- [WORK INSTRUCTIONS]: Copy the lines from the start of the records below through the line containing "Aちゃんは、腹部エックス線撮", both included, and leave out the pictures.

- [Collected data]:
= = = = = = =

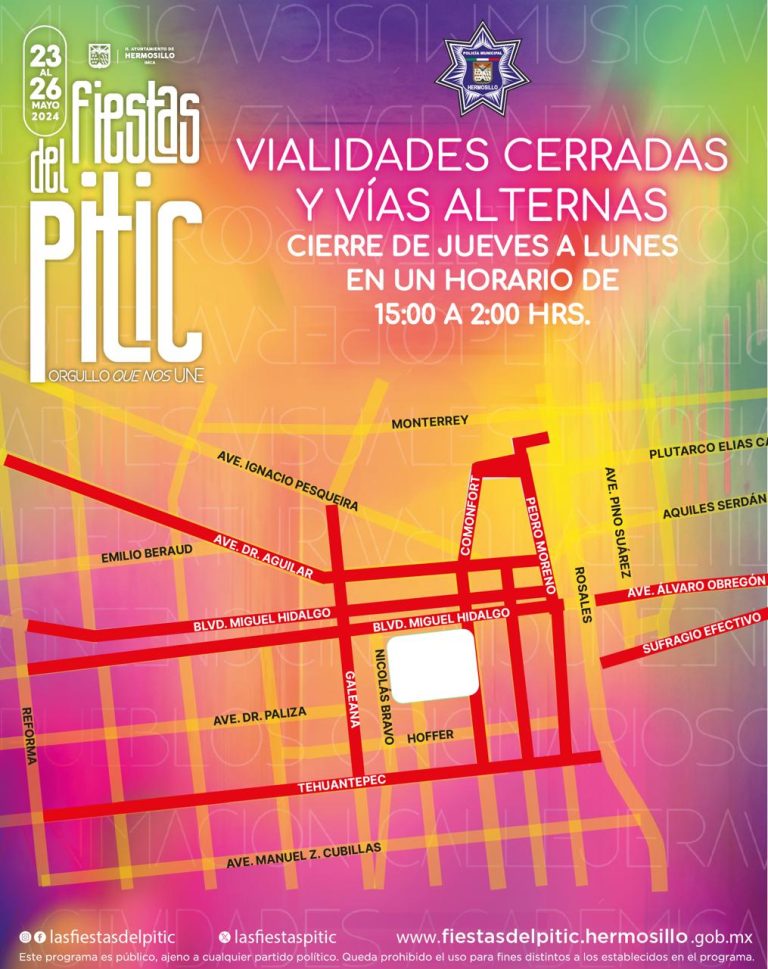 El Departamento de Tránsito Municipal exhorta a la ciudadanía a circular con precaución y hacer uso de vías alternas ante el cierre de vialidades durante el desarrollo de las Fiestas del Pitic 2024, que se llevarán a cabo del jueves 23 al domingo 26 de mayo.
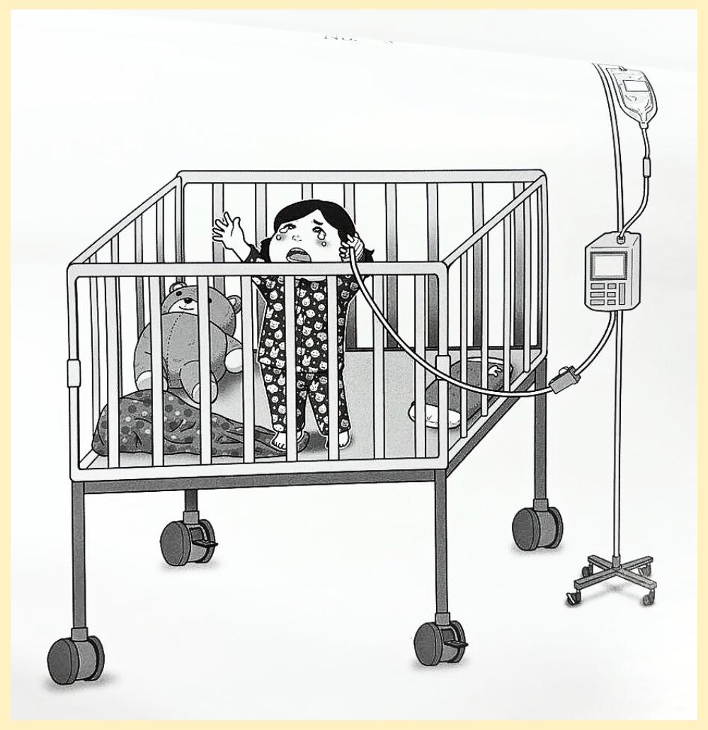 Aちゃんは、腹部エックス線撮影で胃内にボタン型電池が認められ、全身麻酔下での内視鏡でボタン型電池を摘出し、消化管粘膜に大きな問題はなかった。摘出後、小児病棟に1泊入院した。小児病棟に入院1時間後、看護師が訪室するとAちゃんは覚醒しており、図(別冊No.3)のように「ママー、ママー」と言いながら大声で泣き、ベッドから両親の方に手を伸ばしている。両親は戸惑った様子で、ベッドの傍に立っている。
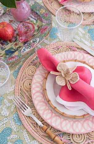 One of the key summer entertaining trends Blue Print’s designers are noticing is the fearless mixing and layering of patterns, colors and textures. “No need to put too much focus on pairing things that ‘match’ perfectly,” the designers say. “Don’t let the little voice in your head keep you from trying something unexpected. Some of the best tablescapes we’ve created have come as a result of much trial and error, and very unexpected pairings!”
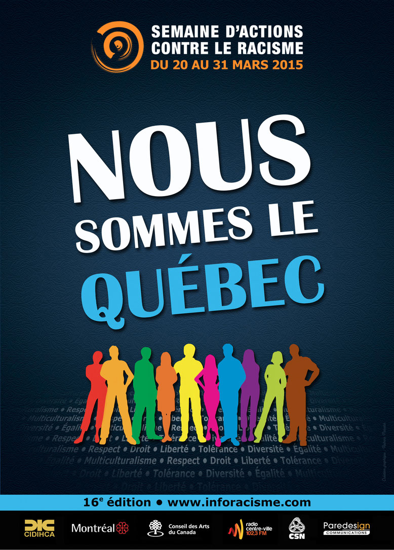 SACR-2015, 16e ÉDITION : « Nous sommes le Québec », le thème de la 16e édition de la SACR nous rappelle la nécessité de bâtir un avenir commun, celui d’un Québec inclusif. Et nous le voyons poindre à l’horizon, depuis près de 16 ans maintenant dans le regard, les mots et les gestes de nos partenaires de la SACR. De ceux et celles qui de leur propre initiative ou portés par un projet de groupe, choisissent d’ouvrir le débat et de partir à la rencontre de l’autre.
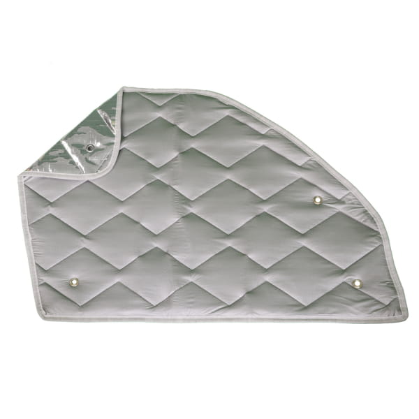 - Lado interior: material textil gris; Cara exterior: plateada, capa reflectante térmicamente inteligente.
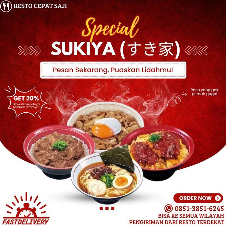 Paket Puas 1, Paket Puas 2, Paket Puas 3, Paket Puas 4, Paket Puas 5, Paket Family A, Paket Family B, Caramel Pudding, Tori Paitan Ramen, Beef Tori Paitan Ramen, Chashu Tori Paitan Ramen, Jakarta Tori Paitan Ramen, Jakarta Beef Tori Paitan Ramen, Jakarta Chashu Tori Paitan Ramen, Gyudon, Half Boiled Egg Gyudon, Jakarta Gyudon, Crispy Chili Oil Gyudon, Kimchi Gyudon, Korean Style Spring Onion Gyudon, Melty Cheese Gyudon, Double Half Boiled Egg Gyudon, Beef Yakiniku Bowl, Half Boiled Egg Yakiniku Bowl, Jakarta Yakiniku Bowl, Crispy Chili Oil Yakiniku Bowl, Kimchi Yakiniku Bowl, Korean Style Spring Onion Yakiniku Bowl, Melty Cheese Yakiniku Bowl, Double Half Boiled Egg Yakiniku Bowl, Chicken Shoyu Ramen, Beef Shoyu Ramen, Chicken Chashu Ramen, Jakarta Ramen, Jakarta Beef Ramen, Half Boiled Egg Beef Egg Bowl, Half Boiled Egg Chicken Katsu Egg Bowl, Red Hot Sauce Beef Egg Bowl, Red Hot Sauce Chicken Katsu Egg Bowl, Chicken Katsu Egg Bowl, Beef Egg Bowl, Japanese Curry Rice, Curry With Beef, Chicken Katsu Curry, Deluxe Curry, Red Hot Curry With Beef, Red Hot Curry With Chicken Katsu, Karaage Curry, Beef Bowl Kids Meal, Kids Ramen Plate, Kids Curry Plate, Oishii Spicy Karaage, Oishii Karaage, Chikuwa, Shrimp Gyoza, Beef Plate Only, Beef Yakiniku Only, Chicken Katsu 2pcs, Miso Soup, Half Boiled Egg, Rice, Oishii Tartar Karaage, Lemon Squash, Blue Lemon Squash, Matcha Latte, Milk Tea Latte, Homemade Iced Tea, Mineral Water, Eco Bag Sukiya
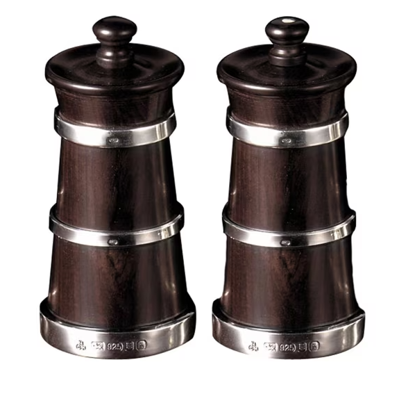 Sterling Silver-Banded Ebony Salt & Pepper Mills
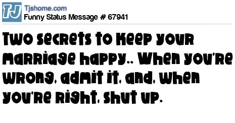 - # 206357 Two secrets to keep your marriage happy.....When you're wrong, admit it, and, when you're right, shut up!

= = = = = = =

- [EXPECTED OUTPUT]:
 El Departamento de Tránsito Municipal exhorta a la ciudadanía a circular con precaución y hacer uso de vías alternas ante el cierre de vialidades durante el desarrollo de las Fiestas del Pitic 2024, que se llevarán a cabo del jueves 23 al domingo 26 de mayo.
 Aちゃんは、腹部エックス線撮影で胃内にボタン型電池が認められ、全身麻酔下での内視鏡でボタン型電池を摘出し、消化管粘膜に大きな問題はなかった。摘出後、小児病棟に1泊入院した。小児病棟に入院1時間後、看護師が訪室するとAちゃんは覚醒しており、図(別冊No.3)のように「ママー、ママー」と言いながら大声で泣き、ベッドから両親の方に手を伸ばしている。両親は戸惑った様子で、ベッドの傍に立っている。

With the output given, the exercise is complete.